There are two ways of looking at situations like this. One, your mother's personality is being 'simplified' as dementia strips parts of it away, and there's a core part of it which is tied to you and the way she's always treated you. So you're getting treated badly, as usual, and on top of all your other concerns it's making life frustratingly difficult.
Two, your mother is losing grip on everything she's ever known or trusted. She used to be in control of everything -- for better or for worse. Now she increasingly feels like she's in control of nothing. It is the most terrifying, confusing time of her life and it's only going to get worse... until she is no longer capable of being your mother at all. Part of her may know that. If she's lucky, she won't.
One of the lifelines she's clinging to is the strongest tie any of us ever have... to our closest family. She will yank on that line hardest of all because she's drowning as the dementia tide rises and -- just as it's common for drowning folk to put their rescuer in danger -- your mother will put you in danger, mentally.
Which is why I have some happy, clappy scribble similar to this waffle hung up next to my bed as a reminder. Because god only knows (that's the notional god of Beating Your Head Against A Brick Wall) there are times when I swear my mother's just trying to put me in an early grave for the sheer fun of it!
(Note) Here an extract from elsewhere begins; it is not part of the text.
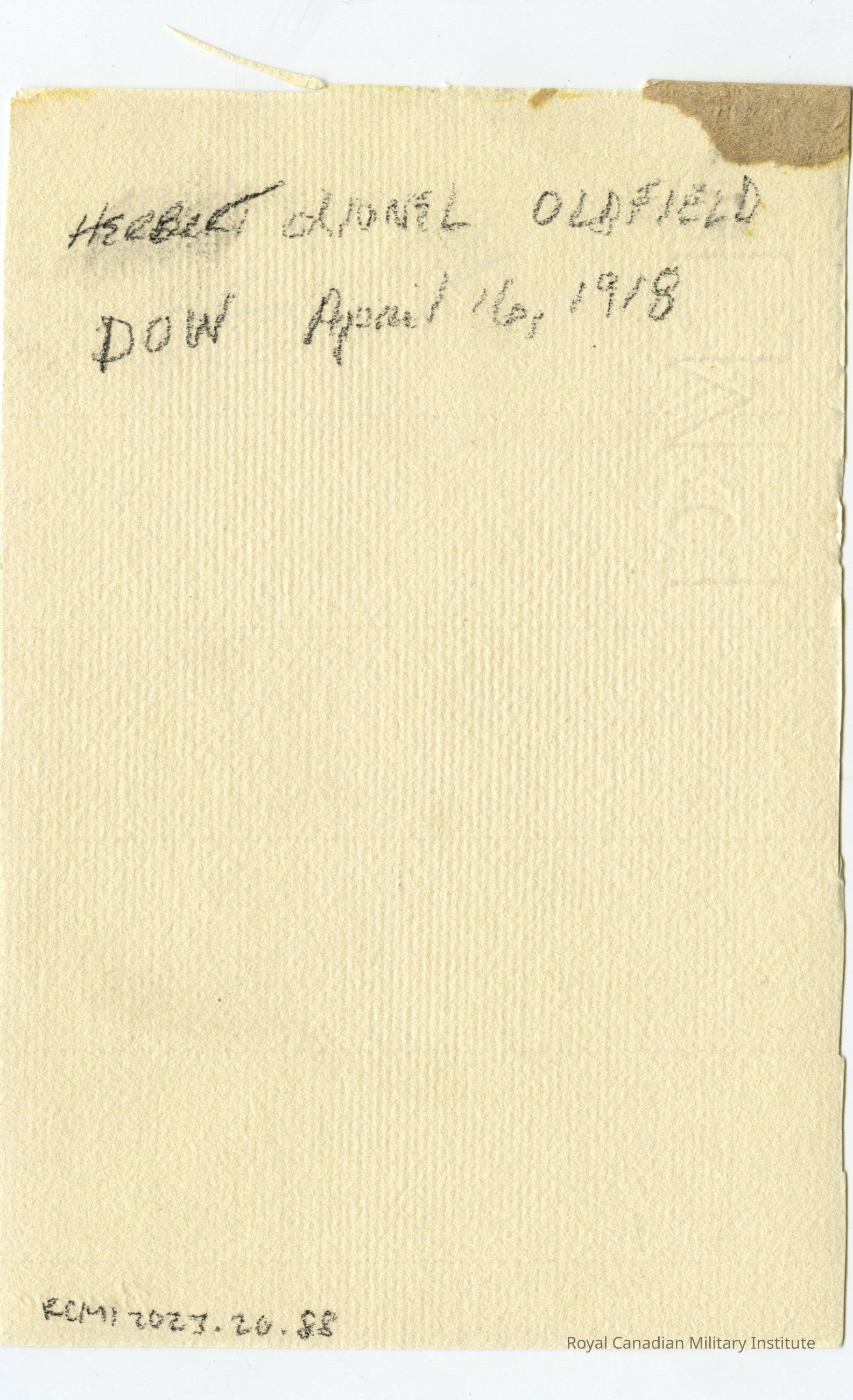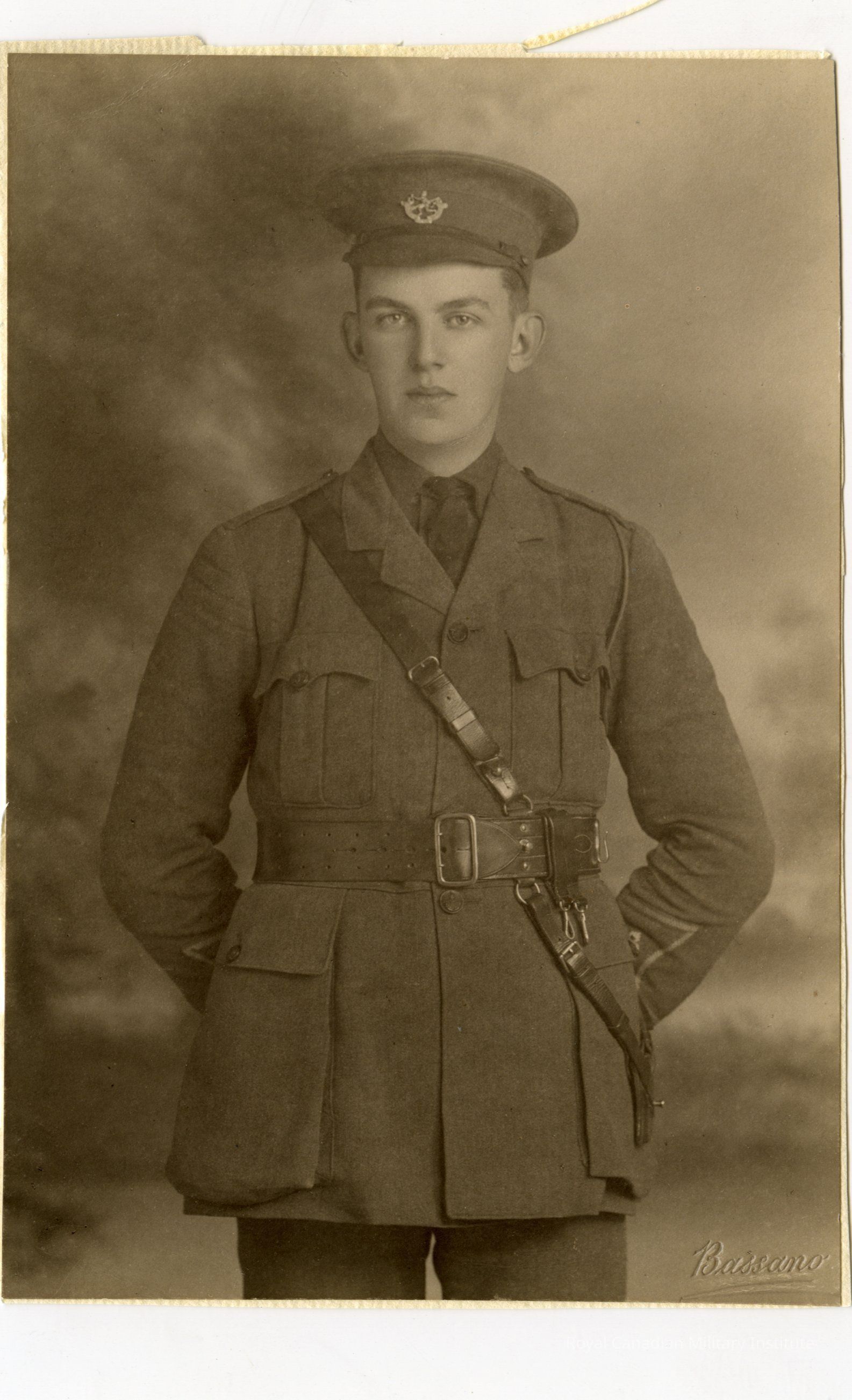 A trimmed down studio portrait of Major Herbert Lionel Oldfield of the 8th Battalion. According to the inscription on the back, he died of wounds (DOW) on April 16th, 1918. Subject is photographed from the waist up, his hands behind his back. He is wearing his full military uniform, including the cap. "Bassano" is embossed in the bottom right corner. The sides of the photograph are fraying, obviously trimmed down from a larger photo.

Shes not. She's just a pared back version of the Mum who could always be hard work, who raised four children and ran a business on her own, and never, ever suffered fools gladly. Some days I probably seem pretty foolish though, repeating myself endlessly to try and get essentials done, 'forcing' her to do things she doesn't understand or think necessary. No wonder she kicks off!
On a good day for me I'm only dealing with a muddled old lady with dementia. But that's a bad day for Mum, because she's under the water somewhere. On a bad day for me, Mum's at the surface, thrashing around and aware enough to resent the way our roles have reversed. A lifetime of her being the matriarch is gone. She's become the child, and boy, in her situation I'd resent it too!
Maybe none of this is applicable to you and your mother. Maybe I'm just projecting elements of my life onto you. But one thing is certain... one day you'll miss this exaggerated but still identifiable version on your mother. Breath. Count to ten. Try to remember something nice she did for you when you were young. And accept her anger and manipulation for what it is... a cry for help that nobody on this entire planet can give. We can only give time and patience... and cling to lifelines like this forum when it all starts to wear us down.
Good luck. Caring over a distance is very tough, even if you have carers to act for you.